What to do
The entire listing, reproduced exactly and stripped of images, is the expected output.

Data excerpt
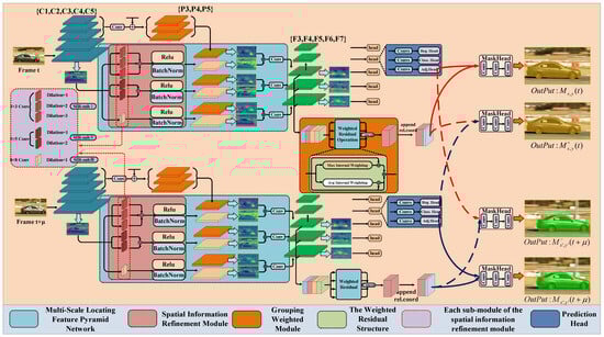 The overall structure of MLGW-VIS network includes two stages: feature extraction and post-processing. As shown in Figure 1, in the feature extraction stage, we set frame t and frame of the current video are input into the ResNet50 [] backbone network to extract semantic features C1, C2, C3, C4, C5, respectively. Then, FPN is used to perform top–down upsampling and addition operation to fuse high-level and low-level features to obtain feature maps with multi-scale semantic information P3, P4, P5. Aiming at the lack of spatial location information of high-level semantic features in FPN, a multi-scale positioning feature pyramid is proposed. The FPN high-level features not only have rich semantic information, but also obtain more spatial location information to locate the object. P3, P4, and P5 receive the output features F3, F4, F5 of the multi-scale localization feature pyramid after supplementing the spatial location information by the spatial information refinement module. The features P6, P7 are obtained after two-time downsampling. In the post-processing stage, the multi-scale positioning feature pyramid output features F3, F4, F5, P6, P7 generate prediction heads, respectively, and use F3, F4, F5 for upsampling and additional operation to generate mask features. Then, the relative position matrix and mask features are spliced and sent to the mask head dynamic convolution. Among them, the mask dynamic convolution structure is controlled by the adjusting head as a variable matrix, and finally the mask dynamic convolution outputs the instance mask. Instance masks are divided into static instance masks and dynamic instance masks. In the mask generation part in Figure 1, the solid line represents the static instance mask, the dotted line represents the dynamic instance mask obtained by cross-learning, the red represents the mask generation process of the frame t, and the blue represents the mask generation process of the frame image. The process of generating static instance masks for frames and t can be expressed as follows:
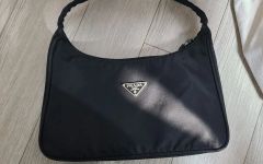 プラダのアイコンでもある「三角ロゴ」が際立つ、ブラックナイロンのショルダーバッグ。
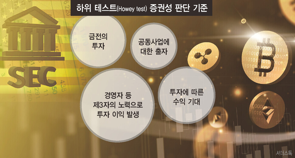 가상자산은 크게 투자성을 지닌 증권형과 결제수단처럼 사용되는 비증권형 코인으로 나뉜다. 미국 금융당국이 증권성을 판단할 때는 연방대법원 판례인 ‘하우이 테스트’가 기준이 된다.

Output of the task
 The overall structure of MLGW-VIS network includes two stages: feature extraction and post-processing. As shown in Figure 1, in the feature extraction stage, we set frame t and frame of the current video are input into the ResNet50 [] backbone network to extract semantic features C1, C2, C3, C4, C5, respectively. Then, FPN is used to perform top–down upsampling and addition operation to fuse high-level and low-level features to obtain feature maps with multi-scale semantic information P3, P4, P5. Aiming at the lack of spatial location information of high-level semantic features in FPN, a multi-scale positioning feature pyramid is proposed. The FPN high-level features not only have rich semantic information, but also obtain more spatial location information to locate the object. P3, P4, and P5 receive the output features F3, F4, F5 of the multi-scale localization feature pyramid after supplementing the spatial location information by the spatial information refinement module. The features P6, P7 are obtained after two-time downsampling. In the post-processing stage, the multi-scale positioning feature pyramid output features F3, F4, F5, P6, P7 generate prediction heads, respectively, and use F3, F4, F5 for upsampling and additional operation to generate mask features. Then, the relative position matrix and mask features are spliced and sent to the mask head dynamic convolution. Among them, the mask dynamic convolution structure is controlled by the adjusting head as a variable matrix, and finally the mask dynamic convolution outputs the instance mask. Instance masks are divided into static instance masks and dynamic instance masks. In the mask generation part in Figure 1, the solid line represents the static instance mask, the dotted line represents the dynamic instance mask obtained by cross-learning, the red represents the mask generation process of the frame t, and the blue represents the mask generation process of the frame image. The process of generating static instance masks for frames and t can be expressed as follows:
 プラダのアイコンでもある「三角ロゴ」が際立つ、ブラックナイロンのショルダーバッグ。
 가상자산은 크게 투자성을 지닌 증권형과 결제수단처럼 사용되는 비증권형 코인으로 나뉜다. 미국 금융당국이 증권성을 판단할 때는 연방대법원 판례인 ‘하우이 테스트’가 기준이 된다.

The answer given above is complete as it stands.